▶ Activity
Set down each line of the material that follows, exactly, with no pictures.
++++++++++++++++++++
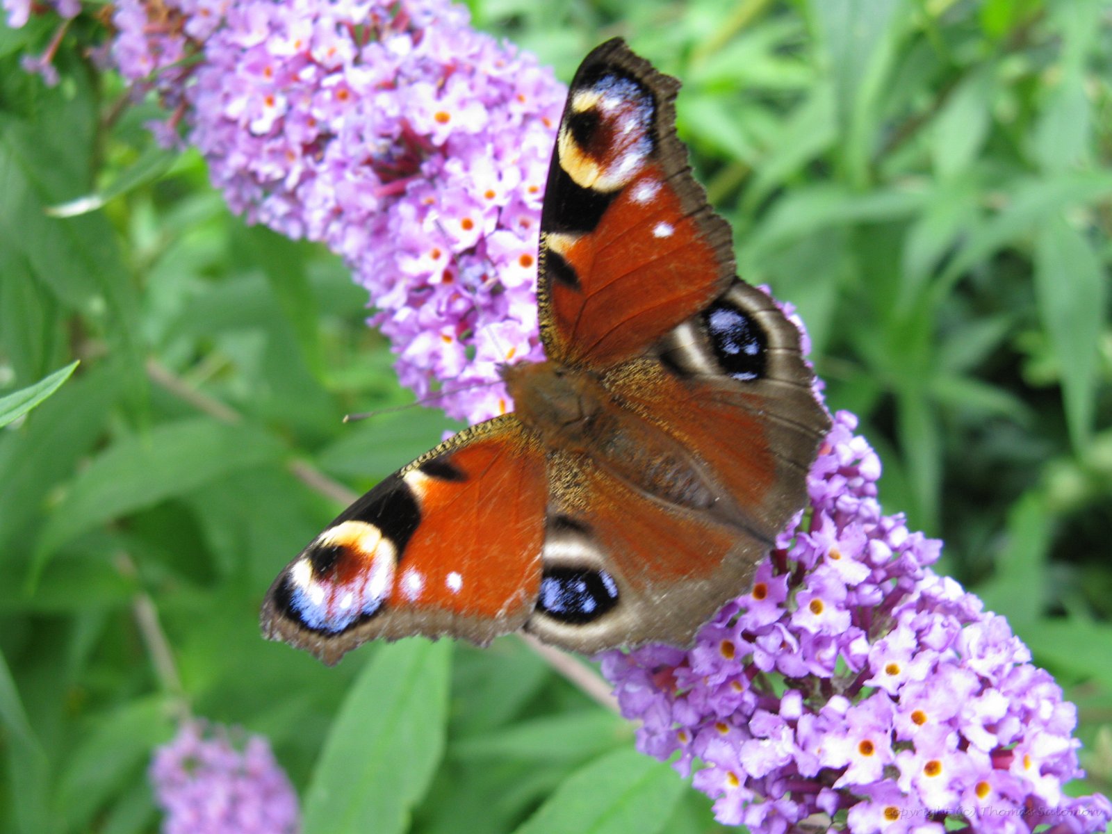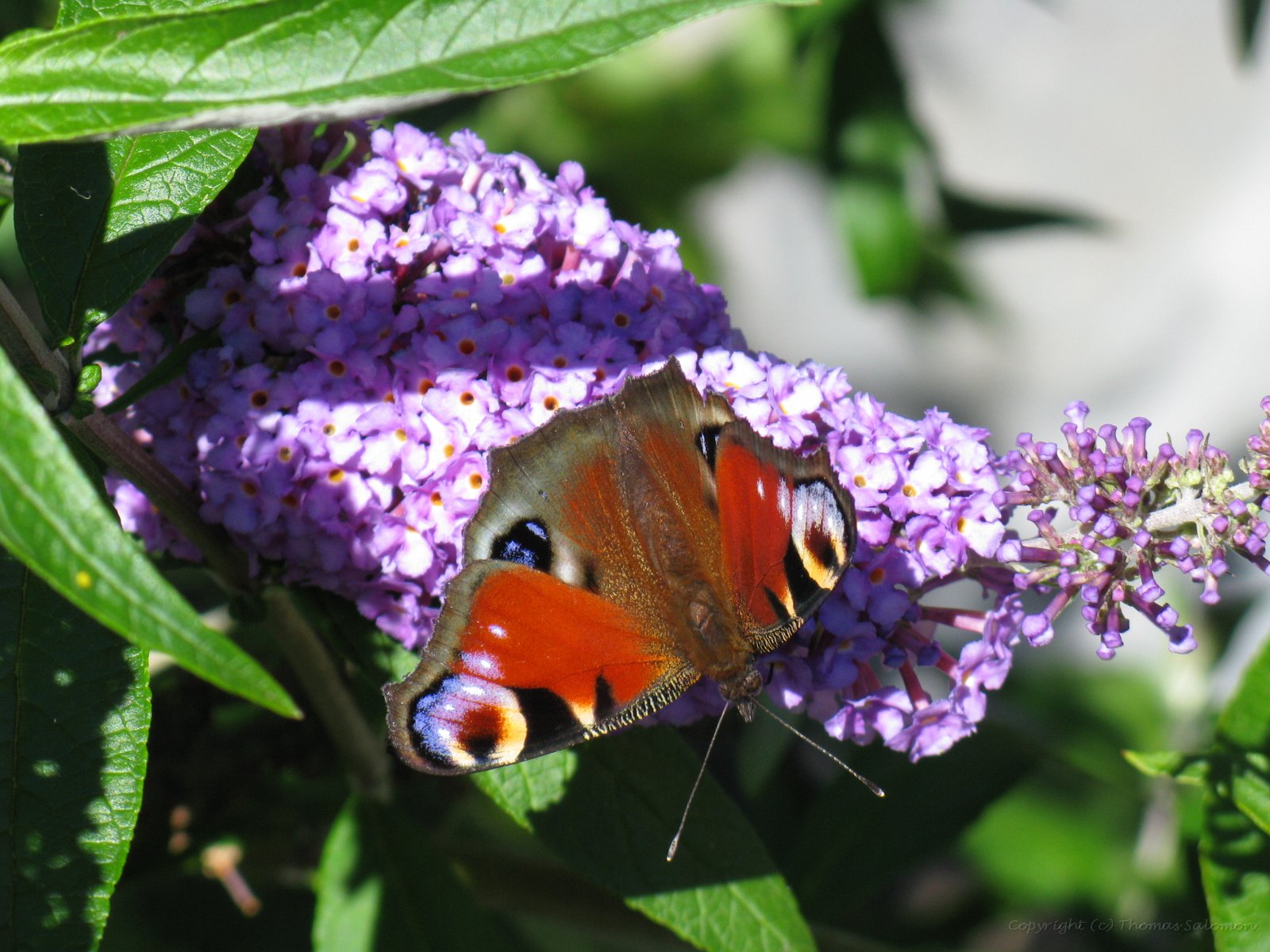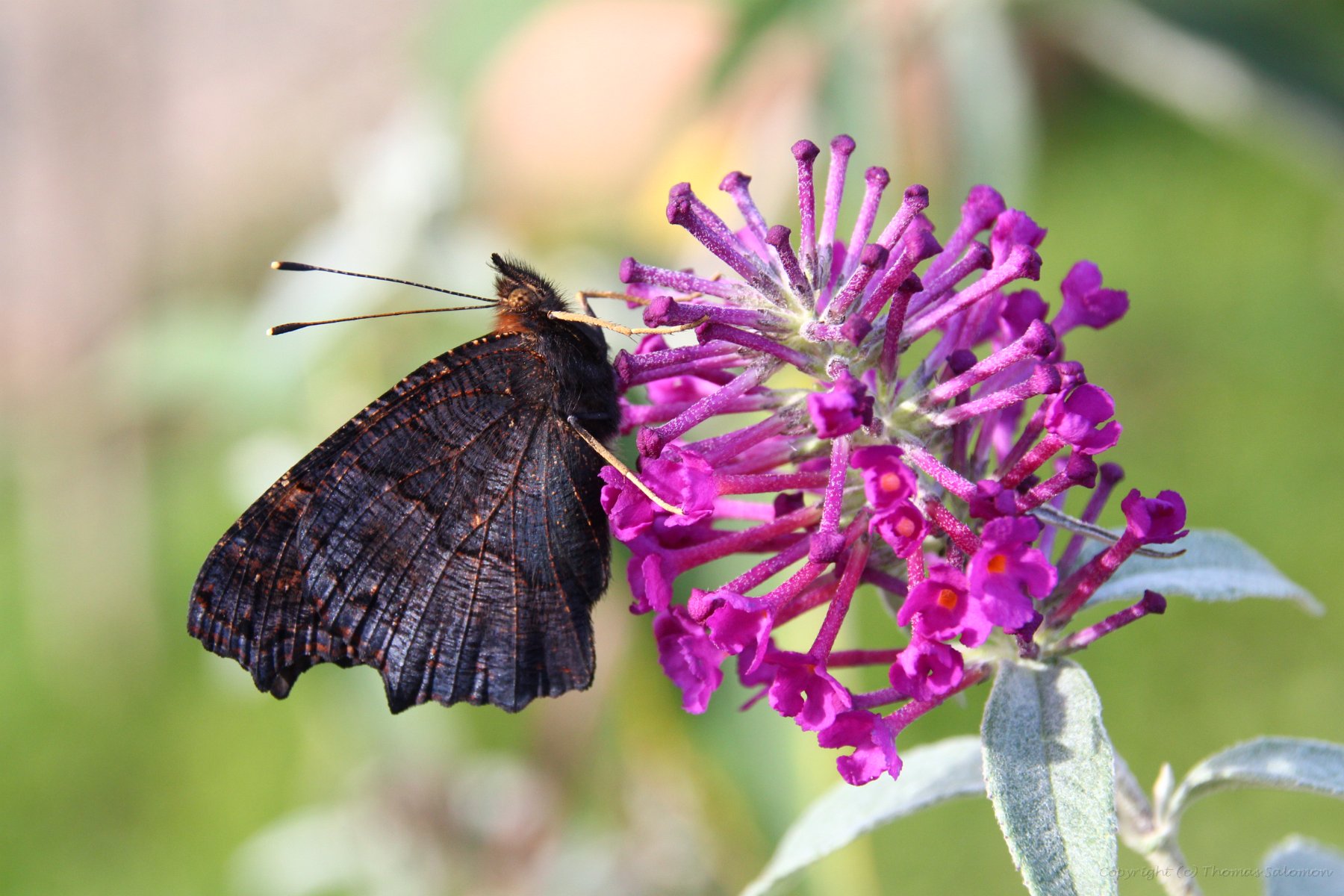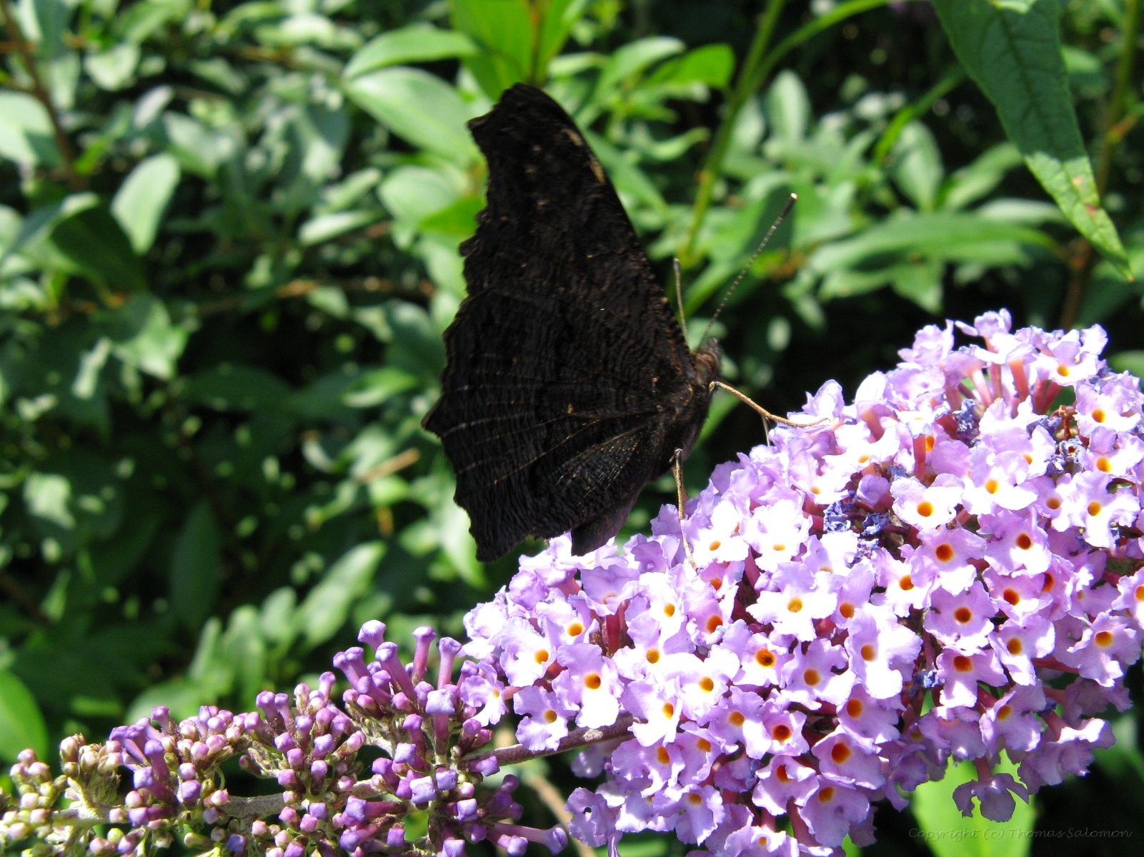Ich habe das schöne Ergebnis von Aglais io an einer der letzten Blüten eines Sommerflieders abgesetzt.
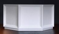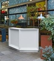 Barra para Bar, Pub etc mod. Nilo. Estructura en poleasy rotacional. Compuesta con un módulo frotal y dos esquineros. Las formas se inspiran en las barras de bar de los antiguos pubs irlandeses. Uso contract en bares, restaurantes, terrazas, recepciones para interiores y exteriores. Los lados se puede cerrar con el modulo frontal, el plano es rotacional con panel HPL integrado y se puede personalizar la fachada.
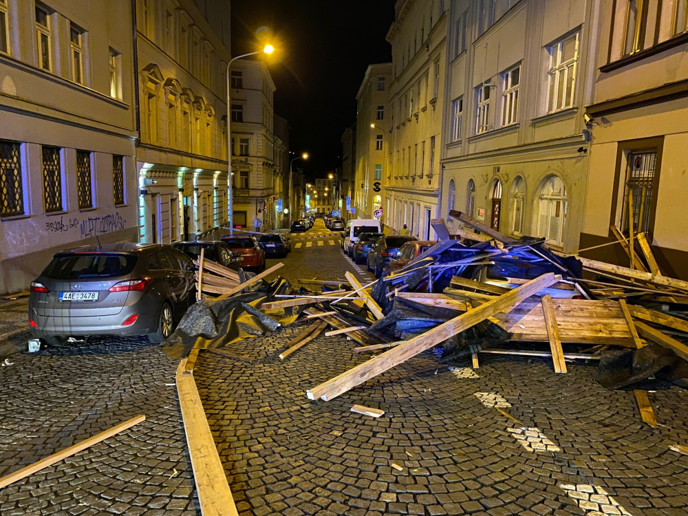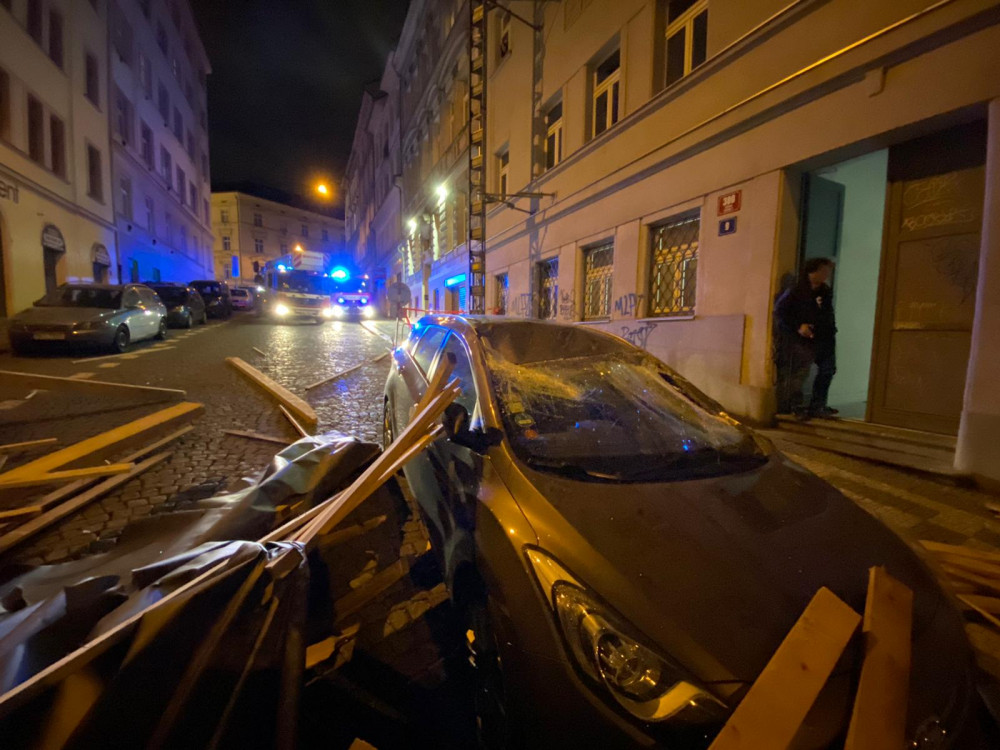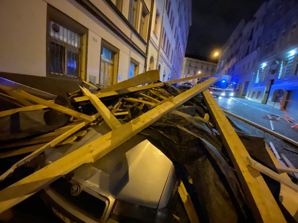 FOTO, VIDEO: Trámy z rozestavěné střechy na Žižkově zasypaly několik zaparkovaných aut
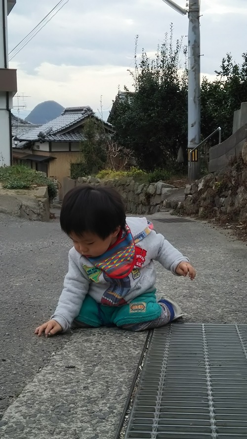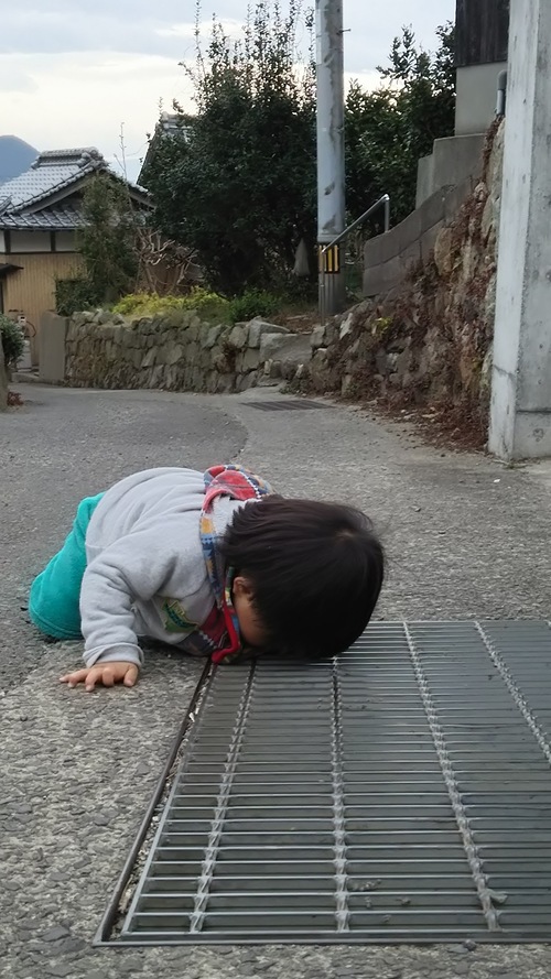 我が家の王子様、穴があったら何かを入れたいらしい!道路の真ん中で、グレーチングを見つけて、夢中で遊んでいます(*^^*)
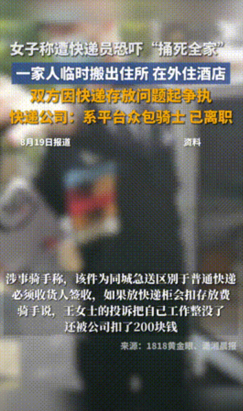 “人狂必遭灾!”杭州,一女子不在家,要求快递骑手,把文件放在快递柜里,但骑手表示必须当面签收,拒绝放快递柜柜,女子投诉后,竟接到骑手“捅死全家,一个活口不留”的恐吓电话,吓得她报警并带家人躲进酒店多日!事后快递公司回应:骑手已离职,而且是顾客先出言辱骂骑手的!
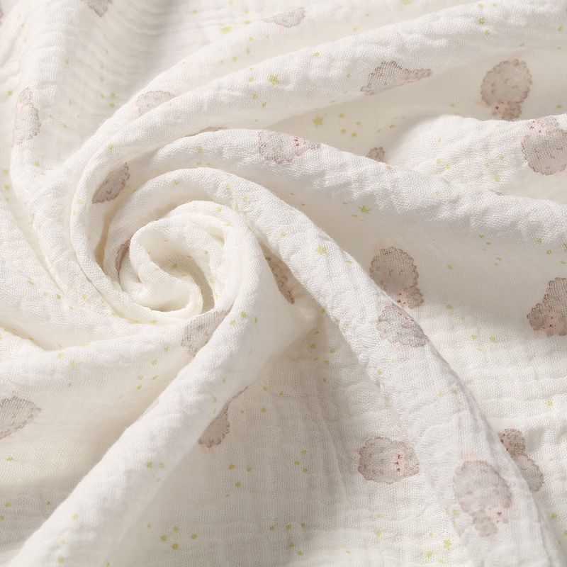 - Gyűrött szerkezet: Természetes gyűrött szerkezetének köszönhetően az anyag erősebb, tartósabb és sokkal ellenállóbb a kopással szemben, mint a standard muszlin. Ideális mindennapi használatra és sok évre. Nincs szükség vasalásra, és minden mosással még puhábbá válik. Tökéletes első ajándék a kisbabának.
++++++++++++++++++++
▶ Task output
Ich habe das schöne Ergebnis von Aglais io an einer der letzten Blüten eines Sommerflieders abgesetzt.
 Barra para Bar, Pub etc mod. Nilo. Estructura en poleasy rotacional. Compuesta con un módulo frotal y dos esquineros. Las formas se inspiran en las barras de bar de los antiguos pubs irlandeses. Uso contract en bares, restaurantes, terrazas, recepciones para interiores y exteriores. Los lados se puede cerrar con el modulo frontal, el plano es rotacional con panel HPL integrado y se puede personalizar la fachada.
 FOTO, VIDEO: Trámy z rozestavěné střechy na Žižkově zasypaly několik zaparkovaných aut
 我が家の王子様、穴があったら何かを入れたいらしい!道路の真ん中で、グレーチングを見つけて、夢中で遊んでいます(*^^*)
 “人狂必遭灾!”杭州,一女子不在家,要求快递骑手,把文件放在快递柜里,但骑手表示必须当面签收,拒绝放快递柜柜,女子投诉后,竟接到骑手“捅死全家,一个活口不留”的恐吓电话,吓得她报警并带家人躲进酒店多日!事后快递公司回应:骑手已离职,而且是顾客先出言辱骂骑手的!
 - Gyűrött szerkezet: Természetes gyűrött szerkezetének köszönhetően az anyag erősebb, tartósabb és sokkal ellenállóbb a kopással szemben, mint a standard muszlin. Ideális mindennapi használatra és sok évre. Nincs szükség vasalásra, és minden mosással még puhábbá válik. Tökéletes első ajándék a kisbabának.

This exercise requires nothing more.